Unveiling Disparities in Web Task Handling Between Human and Web Agent
Kihoon Son, Jinhyeon Kwon, DaEun Choi, Tae Soo Kim, Young-Ho Kim, Sangdoo Yun, Juho Kim
TL;DR
The paper examines how humans and web agents perform web tasks, emphasizing planning, action, and reflection through a think-aloud study with four participants across two tasks (Amazon shopping and Reddit search). The authors identify distinct cognitive actions and on-site operations in humans and compare them to agent architectures, revealing gaps in knowledge updating and ambiguity handling. Humans continuously discover task- and site-related knowledge through UI understanding and trial-and-error, expand their knowledge space, and engage in retrospective reflection to revise plans, while current web agents rely more on predefined sub-plans and evident feedback. These findings motivate designing hybrid agent architectures with explicit support for task/site knowledge updating, information discovery, reflection, rollback, and tacit knowledge capture, enabling more human-like adaptability in web environments.
Abstract
With the advancement of Large-Language Models (LLMs) and Large Vision-Language Models (LVMs), agents have shown significant capabilities in various tasks, such as data analysis, gaming, or code generation. Recently, there has been a surge in research on web agents, capable of performing tasks within the web environment. However, the web poses unforeseeable scenarios, challenging the generalizability of these agents. This study investigates the disparities between human and web agents' performance in web tasks (e.g., information search) by concentrating on planning, action, and reflection aspects during task execution. We conducted a web task study with a think-aloud protocol, revealing distinct cognitive actions and operations on websites employed by humans.
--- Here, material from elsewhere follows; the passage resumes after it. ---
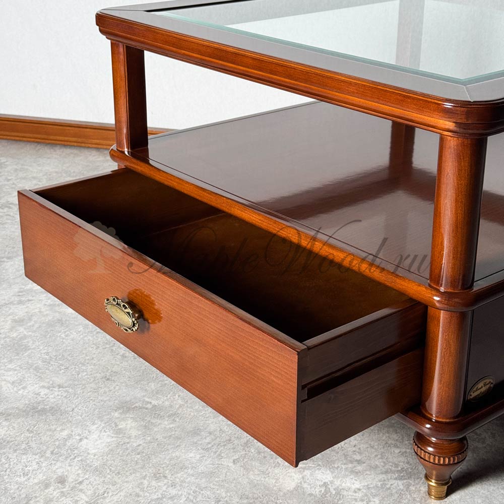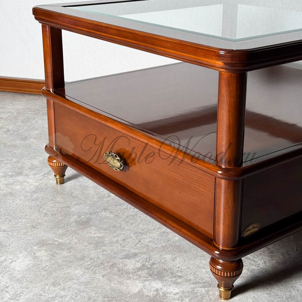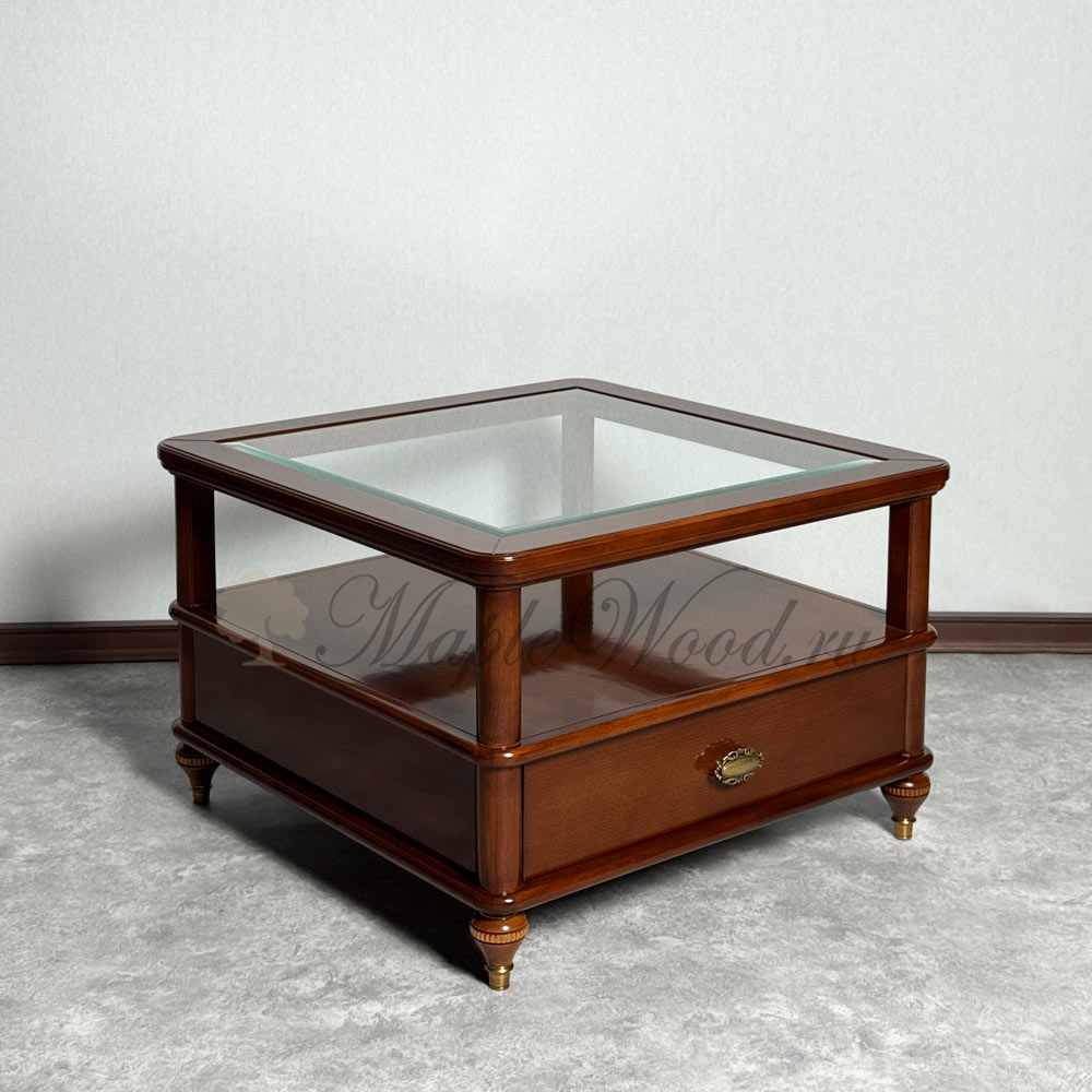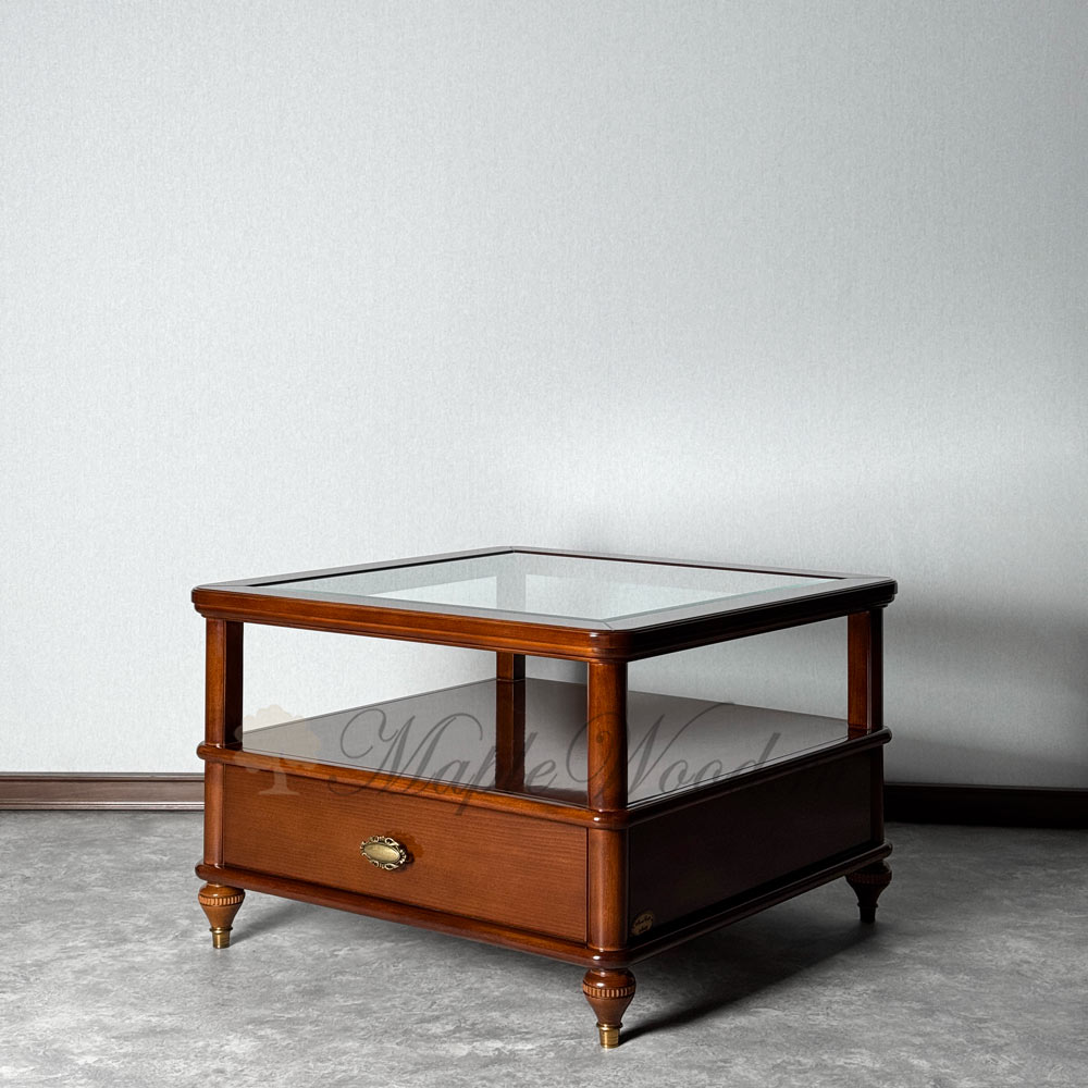 Квадратный столик для гостиной из коллекции Бурбон от фабрики Monte Cristo Mobili сочетает в себе два вида материалов: стекло и массив натурального дерева, а бронзовая фурнитура и фигурные ножки завершают лаконичный дизайн изделия, придавая ему особый стиль и оригинальность.

Comparative examination of existing agent structures and human behavior with thought processes highlighted differences in knowledge updating and ambiguity handling when performing the task. Humans demonstrated a propensity for exploring and modifying plans based on additional information and investigating reasons for failure. These findings offer insights into designing planning, reflection, and information discovery modules for web agents and designing the capturing method for implicit human knowledge in a web task.